Positive control is known to contain DNA and is process during amplification to make sure the amp was successful

What is preferential amplification?

Preferential amplification is when an allele is amplified at a higher rate, which result in heterozygote imbalance or allele dropout in a heterozygous loci. Usually STRs with shorter base pairs amplify more efficiently than larger STRs

What is the general procedure for a differential extraction?

ProK and SDS is added to break down membrane of e-cells. Tube is centrifuged and the supernatant is removed to a new tube which contains the e-cell fraction and the pellet which contains the sperm-cell fraction is then listed with Prok, SDS and DTT to break the sperm nuclear membrane

What is a reagent blank? When is it processed? What are the expected results from a reagent blank?

Reagent blank is processed during extraction and it contains all the reagents that were used in a particular extraction method minus extracted DNA. Expected results should be no DNA

How do negative controls and reagents blanks differ?

Reagent blank is processed during extraction to monitor no contamination occur throughout the whole DNA typing processing and negative control is process during amplification to make sure all amp reagents are clear of DNA

What is the purpose of spatial calibration and when should this be performed?

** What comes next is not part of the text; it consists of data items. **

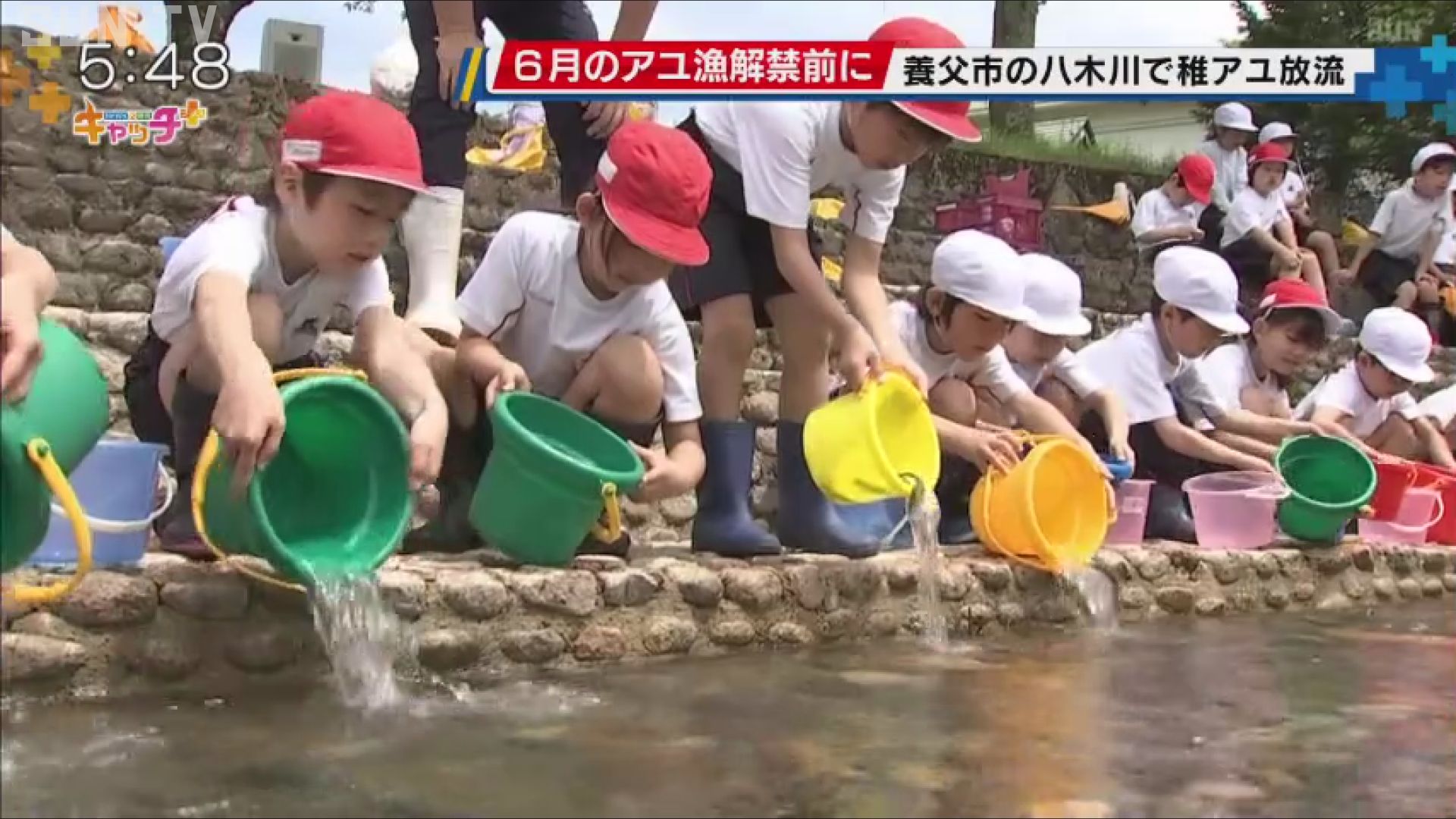 6月のアユ漁解禁を前に円山川水系の八木川では、養父市の子どもたちが、アユの稚魚を放流しました。
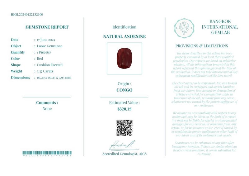 • Verify Report Online At Www.Bangkokinternationalgemlab.Co
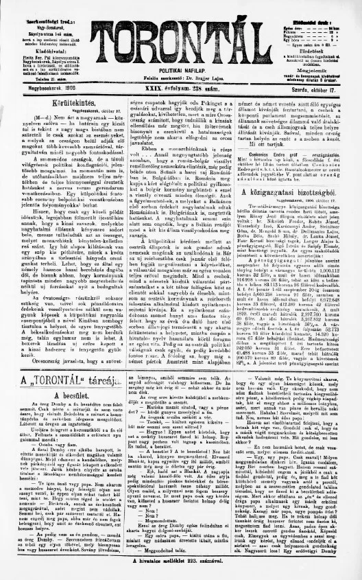 Torontál, 29. évf. 1900. október 17. 238. sz.

Spatial calibration creates a relationship when a signal is emitted by the capillary and the position where the signal actually gets detected by the CCD camera. Should be performed when arrays get changed, instrument been moved, laser door opens, laser camera been moved

What is the purpose of a spectral calibration and when should this be performed?

Spectral calibration- creates a matrix to correct for the overlapping fluorescence spectra of the dyes. Should be performed when new spectral dyes are used, capillary arrays are changed/removed, laser door open, instrument moved

What is a stutter peak? How is a stutter peak differentiated from a true allele?

Stutter peak is one repeat more or less than a truer allele and is a result of strand slippage during PCR. When a sample is known to be from a single source, usually a stutter falls within the stutter threshold and if it is above the threshold the sample might be overloaded when the sample is a mixture and the stutter peak is above the threshold, it would usually be called a true allele

Give a brief explanation of fluorescence detection.

The photon of a laser excites the fluorescence dyes in the primers. The fluorescence goes from a ground state to an excited state and when the fluorescence is going back to a ground state the light that is emitted has a higher wavelength and gets recorded by the detector.

What is the function of DTT in a differential extraction?

To break the disulfide bonds in sperm nuclear membrane

Why is proteinase K used in extractions?

To degrade the proteins and enzymes in the cell such as nuclease

Why is an internal positive control (IPC) included with each sample that is quantitated?

To ensure that the reagents, assay and the instrument is working properly

Why is a standard curve generated?

To help determine the concentration of the unknown samples. The Ct values are given a point on the standard curve to determine the concentration

A pre-extraction wash step is recommended when analyzing hair? Why is this?

To remove any contaminants and impurities such as dyes, hairs prays, gel

Why is it necessary to print primer peaks for negative controls, reagent blanks and negative samples?

To show that primers were indeed added to the samples and not just running blanks

Describe the three validated EZ1 purification protocols

Trace- can be used on all samples Tip dance- the filter tip moves back and forth and are good for blood cards and buccal swabs bc the moving of the tip will not clog the tips. Good for solid material. Large volume- can be used for volumes up to 500 up. Efficient for purification of dilute samples with low DNA concentration

If in GeneMapper, all size quality symbols are red stop signs, name two things that could be done to troubleshoot this problem.

When it is usually all red stop sign symbols this means that the ILS range is not wide enough. To trouble shoot-> change the starting and ending ILS points or re-run the samples.